Compiling and Serving Frontend Assets in Flask

You’re probably not a frontend developer, and I’m guessing you have no desire to become one. I’m fairly confident of this because you’re currently engaged in a Flask tutorial, as opposed to complaining about the number of frontend frameworks you’ve been forced to learn in the last decade (sorry frontend fam, you know I love you ).

Every backend dev needs to come to terms with a stark reality: meaningful apps can’t be built without eventually digging into writing some styles or frontend JavaScript. Since the early days of Django, Python developers have opted to coin frontend code as static assets: a backhanded term that seemingly downplays the importance of JavaScript, CSS, or any presentation layer assets which make up a web application.
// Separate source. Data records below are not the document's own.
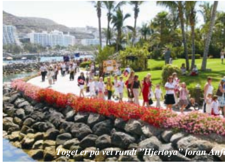
Toget er på vei rundt "Hjertøya" foran Anft
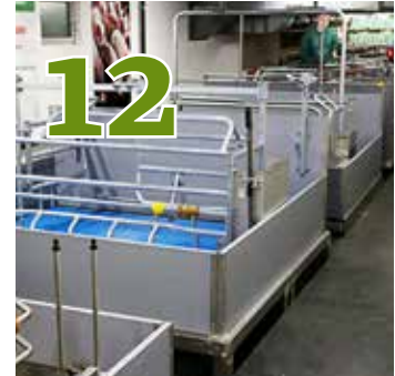
ABFERKEL-BEWEGUNGS- BUCHTEN Ausstellung in Wels eröffnet
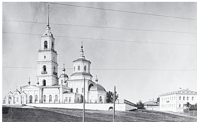
Касли. Храм Успения Божией Матери. Дореволюционный снимок.
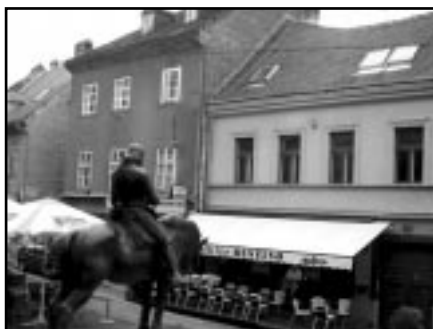
Pogled sa Kamenitih vrata na zgradu Fakulteta
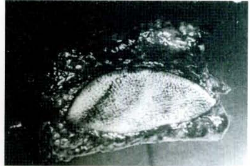
Şekil 4: Flebin kaldırıldıktan sonraki görünümü
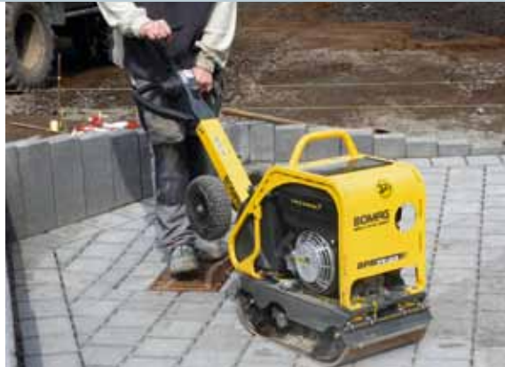
... und stets an der Maschine.

einen maximalen Schutz der Komponenten auch vor Vandalismus und sichert somit die höchste Verfügbarkeit der Maschine.
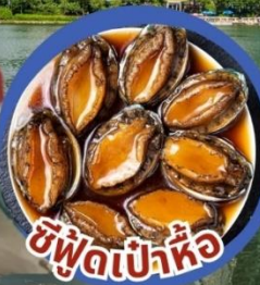
ซีฟู้ดเป่าหื้อ
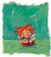
Fent: Luca meglepetése

It had been decreed that only two types of code exist in the universe: Python, and not-Python. Anything that isn't a .py file is considered to be a "static" asset, tucked into a single directory after presumably receiving a handoff from a frontend developer. This implied mindset is both somewhat absurd yet also unsurprising.

It’s time to face our fears of dealing with frontend code in Flask the right way: by writing styles in CSS preprocessors, minifying files, and serving them in “bundles” akin to the webpack equivalent. If you’re the type of person who’d prefer to link to a CDN-hosted version of jQuery 1.11 or include a hideously generic Bootstrap library to style your app for you, please stop reading and go away. For those of us with higher aspirations than a full-time job maintaining 30-year old legacy code for Citibank, we’ll be learning about Flask-Assets.

How it Works

Flask applications utilizing the Flask-Assets library will generally have two directories related to “static” assets. One directory is reserved for raw uncompressed code, while the other is for production-ready, compressed assets generated from files stored in the former (this production-ready directory is commonly referred to as a /dist or /build folder). Depending on how we configure our app, Flask-Assets will compile static assets into bundles upon startup. This is accomplished with the help of a few auxiliary Python libraries dedicated to building and compressing files: lesscpy and pyscss compile LESS/SCSS to CSS respectively, while cssmin and jsmin compress CSS/JavaScript.

Depending on our choice of stack, we’ll need to install the appropriate Python packages. I plan on writing styles with LESS and adding some frontend JavaScript to my app:

$ pip install flask-assets lesscpy cssmin jsmin

Flask-Assets Configuration

As with most Flask plugins, we can configure Flask-assets by setting variables in our top-level Flask config. Whoever created this library made the interesting choice of not documenting any of this, so I'm going to save you some time:

LESS_BIN = '/usr/local/bin/lessc'
  • LESS_BIN : LESS requires the npm library called less (known to the system as lessc) to be installed on our system in order to compile LESS into CSS. Run which lessc in your terminal to find this path. The SASS equivalent to this is SASS_BIN.
  • ASSETS_DEBUG : We're bound to screw up a style or JS function every now and then, which sometimes doesn't become obvious until we build our bundles and try to use our app. If we set this variable to True, Flask-Assets won't bundle our static files while we're running Flask in debug mode. This is useful for troubleshooting styles or JavaScript gone wrong.
  • ASSETS_AUTO_BUILD : A flag to tell Flask to build our bundles of assets when Flask starts up automatically. We generally want to set this to be True , unless you'd prefer only to build assets with some external force (AKA: you're annoying).

Creating Asset Bundles

Before diving into code, let's establish our app's structure. Nothing out of the ordinary here:

├── /static
│   ├── /img
│   ├── /dist
│   │   ├── /css
│   │   └── /js
│   └── /src
│       ├── /js
│       └── /less
├─ /templates
├─ config.py
└─ app.py
Our project structure.

The key takeaway is that we're going to set up Flask-Assets to look for raw files to compile in static/src/less and static/src/js. When the contents of these folders are compiled, we'll output the results to static/dist/less and static/dist/js where they'll be ready to serve.

Let's get this baby fired up in app.py :

from flask import Flask
from flask_assets import Environment

app = Flask(__name__, instance_relative_config=False)

assets = Environment(app)

We initialize Flask-Assets by creating an Environment instance, and initializing it against Flask's app object. There's an alternative way of initializing the library via the Flask application factory, but we'll get there in a moment.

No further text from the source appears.